[英]Pandas: how to get the rows that has the maximum value_count on a column grouping by another column as a dataframe
I have three columns in a pandas dataframe, Date
, Hour
and Content
.我在 Pandas 数据框中有三列Date
、 Hour
和Content
。 I want to get the hour in a day when there is the most content of that day.我想获得一天中内容最多的小时。 I am using messages.groupby(["Date", "Hour"]).Content.count().groupby(level=0).tail(1)
.我正在使用messages.groupby(["Date", "Hour"]).Content.count().groupby(level=0).tail(1)

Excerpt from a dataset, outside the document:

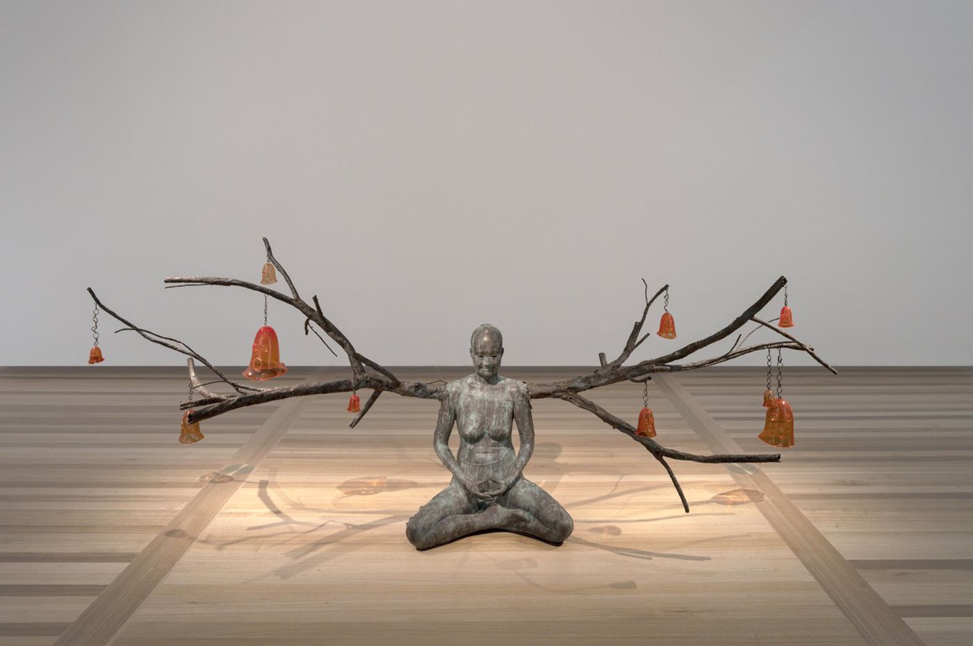 Image: NELL, nature is subtle and mysterious – Tree Woman / Woman Tree, 2022, bronze, patinas, stainless steel, hand-blown glass.

。 I don't know what groupby(level=0)
is doing here.我不知道groupby(level=0)
在这里做什么。 It outputs as follows-它输出如下 -
Date Hour
2018-04-12 23 4
2018-04-13 21 43
2018-04-14 9 1
2018-04-15 23 29
2018-04-16 17 1
..
2020-04-23 20 1
2020-04-24 22 1
2020-04-25 20 1
2020-04-26 23 32
2020-04-27 23 3
This is a pandas series object, and my desired Date
and Hour
columns are MultiIndex
here.这是一个熊猫系列对象,我想要的Date
和Hour
列是MultiIndex
在这里。 If I try to convert the MultiIndex
object to dataframe using pd.DataFrame(most_active.index)
, most_active
being the output of the previous code, it creates a dataframe of tuples as below-如果我尝试使用pd.DataFrame(most_active.index)
将MultiIndex
对象转换为数据帧, most_active
是前一个代码的输出,它会创建一个元组数据帧,如下所示 -
0
0 (2018-04-12, 23)
1 (2018-04-13, 21)
2 (2018-04-14, 9)
3 (2018-04-15, 23)
4 (2018-04-16, 17)
.. ...
701 (2020-04-23, 20)
702 (2020-04-24, 22)
703 (2020-04-25, 20)
704 (2020-04-26, 23)
705 (2020-04-27, 23)
But I need two separate columns of Date
and Hour
.但我需要两列独立的Date
和Hour
。 What is the best way for this?最好的方法是什么?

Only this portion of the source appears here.